I noticed today when i press on the dash button on the remote it gives the reciever id number then under that it says "SWiM connected". What does this mean?

Thanks


----------



## litzdog911 (Jun 23, 2004)

If you have a Single Wire Multiswitch (SWM) dish, it means that your receiver is properly connected to the SWM. If you don't have a SWM dish, it's a bug in the software. Nothing to worry about.


----------



## rudeney (May 28, 2007)

litzdog911 said:


> If you have a Single Wire Multiswitch (SWM) dish, it means that your receiver is properly connected to the SWM. If you don't have a SWM dish, it's a bug in the software. Nothing to worry about.


:lol: So in *both* cases it can be ignored!


----------



## Guest (Nov 22, 2009)

Which HD Dishes are SWIM compatible? I think we have one of the early Slimline HD Dishes. I got that SWIM message also. If our Dish is SWIM compatible could I just have only one cable wire connected to the HD DVR? Thanks.


----------



## veryoldschool (Dec 10, 2006)

CraigerCSM said:


> Which HD Dishes are SWIM compatible? I think we have one of the early Slimline HD Dishes. I got that SWIM message also. If our Dish is SWIM compatible could I just have only one cable wire connected to the HD DVR? Thanks.
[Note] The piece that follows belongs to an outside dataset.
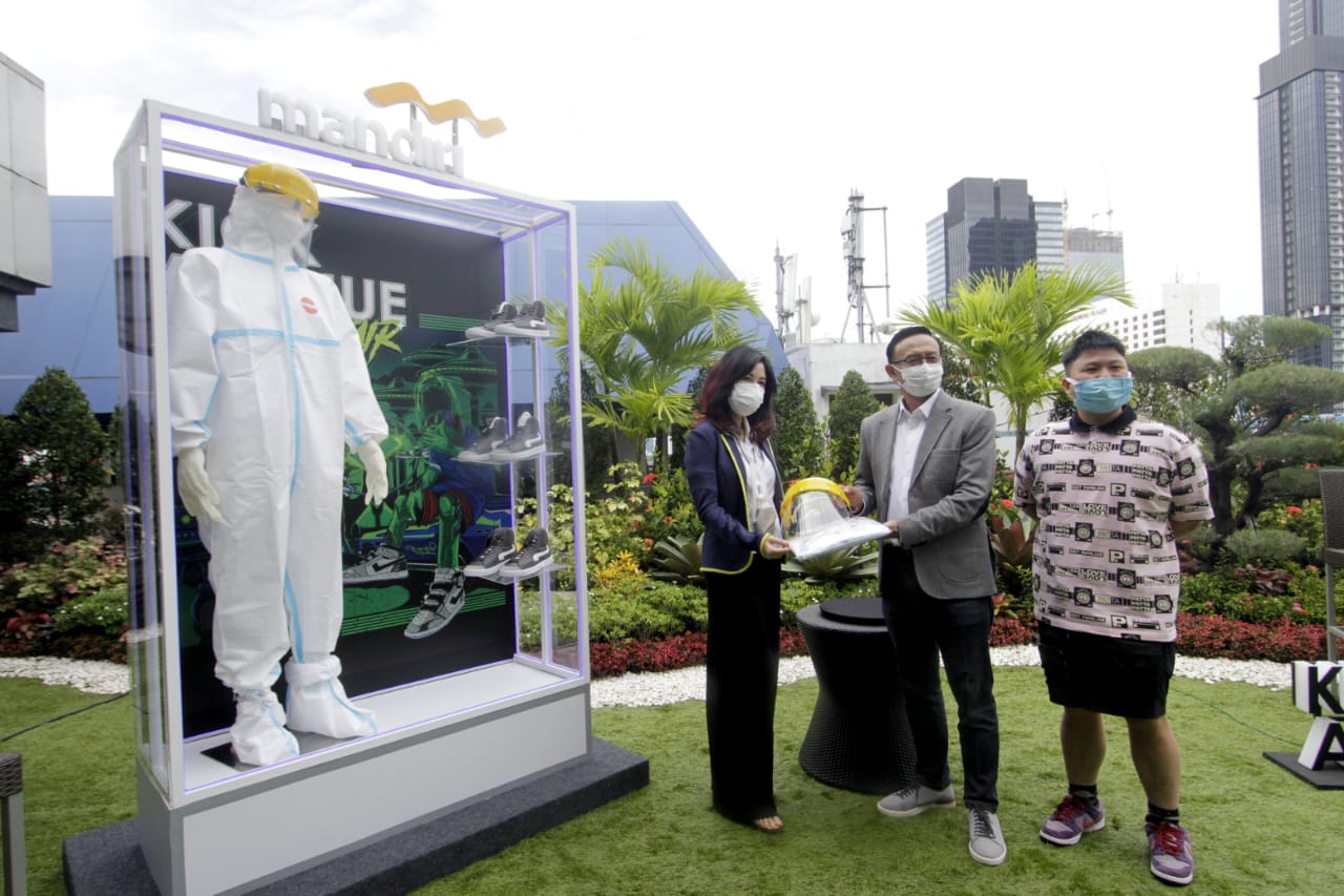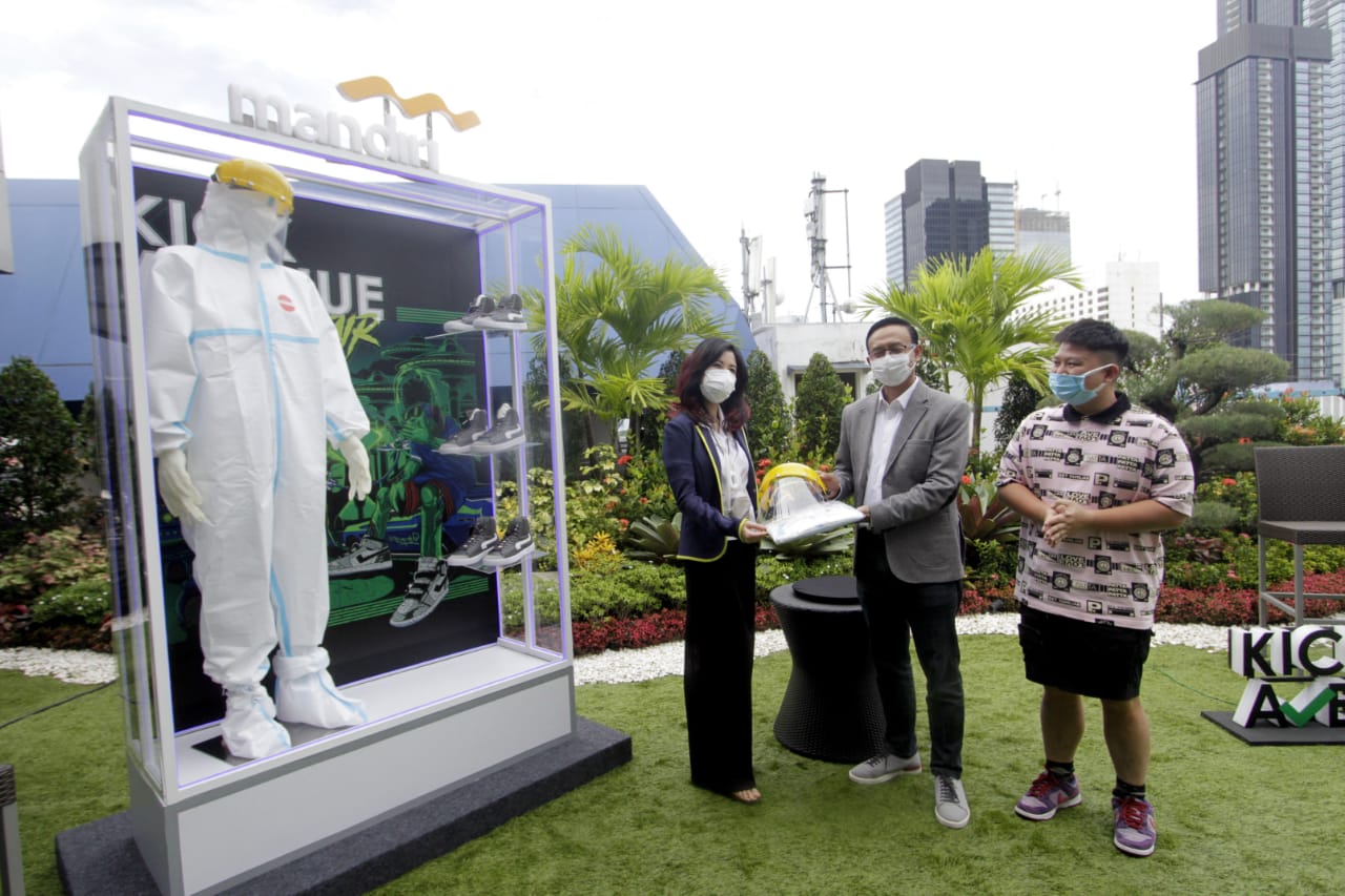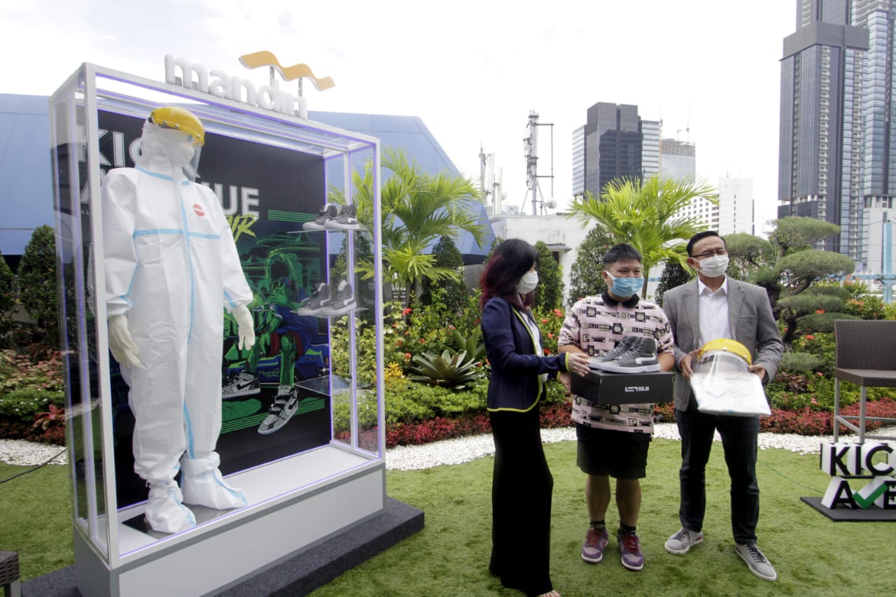 Direktur Jaringan dan Retail Banking Bank Mandiri Aquarius Rudianto (tengah) menyerahkan simbolisasi bantuan APD dan sneakers kepada Influencer Kesehatan dr. Sonia Wibisono (kiri) sebagai perwakilan tenaga kesehatan dengan disaksikan Founder Kick Avenue Jejouw (kanan) di Jakarta, Selasa (15/12). Sebagai rangkaian kegiatan Kick Avenue Fair 2020 yang telah diselenggarakan pada Agustus lalu, Bank Mandiri bersama Kick Avenue menyerahkan donasi 100 set bantuan APD dan 100 pasang sneakers buatan lokal bagi tenaga kesehatan yang berjuang menangani covid-19. Donasi ini diberikan sebagai bentuk kepedulian kepada upaya penanganan covid-19 sekaligus upaya mendorong pemanfaatan produk-produk buatan lokal demi pemulihan ekonomi Indonesia

If you dish is a SWM, then there is only one connection for a cable. If you have more than one cable connected, it isn't a SWM.


----------



## Grentz (Jan 10, 2007)

You also will have a power inserter somewhere if it is a SWM system as well as only one cable to your DVRs:

http://www.summitsource.com/images/products/LNBSWP.jpg
or
http://www.weaknees.com/images/swm-pi-lg1.jpg


----------



## socal404 (Jun 26, 2007)

What qualifies you for the SWM dish? How do you go about getting one? I have 3 HR receivers, but only one has 2 lilnes going into it. I didn't want to have to run cables through the house or outside around the house. My house had been wired for cable when it was built, and Directv just used its wiring. Now, I would like to be able to use my other DVRs to their capacity. Any info is appreciated.


----------



## hilmar2k (Mar 18, 2007)

socal404 said:


> What qualifies you for the SWM dish? How do you go about getting one? I have 3 HR receivers, but only one has 2 lilnes going into it. I didn't want to have to run cables through the house or outside around the house. My house had been wired for cable when it was built, and Directv just used its wiring. Now, I would like to be able to use my other DVRs to their capacity. Any info is appreciated.


You can call and ask, but no guarantees. Or you can pay to have it swapped over to SWM. If you have an AU9 dish, it's just an LNB, splitter, and power interter. If you can easily get to your dish, it should be relatively straight forward to swap out.


----------



## David MacLeod (Jan 29, 2008)

there is a post around somewhere, install forum IIRC, spelling out a lot of the swm upgrade paths including how it affects current customers.


----------



## hilmar2k (Mar 18, 2007)

David MacLeod said:


> there is a post around somewhere, install forum IIRC, spelling out a lot of the swm upgrade paths including how it affects current customers.


Is this the thread you are talking about?


----------



## David MacLeod (Jan 29, 2008)

hilmar2k said:


> Is this the thread you are talking about?


I thought there was a newer one from October time frame but I could not find it doing a very quick search.


----------



## veryoldschool (Dec 10, 2006)

David MacLeod said:


> I thought there was a newer one from October time frame but I could not find it doing a very quick search.


Most likely the newest, though they are changing the procedures next month to use more SWiM installs.


----------



## Nomo1 (Apr 17, 2007)

I just recently moved my tv, and now it has that SWim message. It is only recording on Tuner 1, so you cannot change the channel while recording. Under setup, it says Sat 1, Sat. Record, under Sat 2, Sat.

Is this from a bad b band converter possibly, or an error during setup?


----------



## veryoldschool (Dec 10, 2006)

Nomo1 said:


> I just recently moved my tv, and now it has that SWim message. It is only recording on Tuner 1, so you cannot change the channel while recording. Under setup, it says Sat 1, Sat. Record, under Sat 2, Sat.
> 
> Is this from a bad b band converter possibly, or* an error during setup*?


I'd swap cables & BBCs just to test/make sure, but I'd expect it to be a setup error and re-run the SAT setup again.


----------



## The Merg (Jun 24, 2007)

Nomo1 said:


> I just recently moved my tv, and now it has that SWim message. It is only recording on Tuner 1, so you cannot change the channel while recording. Under setup, it says Sat 1, Sat. Record, under Sat 2, Sat.
> 
> Is this from a bad b band converter possibly, or an error during setup?


The SWiM message saying it is connected when you don't have a SWiM setup is a bug.

How many cables do you have going to your DVR? Do you only have one, but not a SWiM setup? You can try redoing the satellite dish setup to make sure everything is set correctly.

- Merg


----------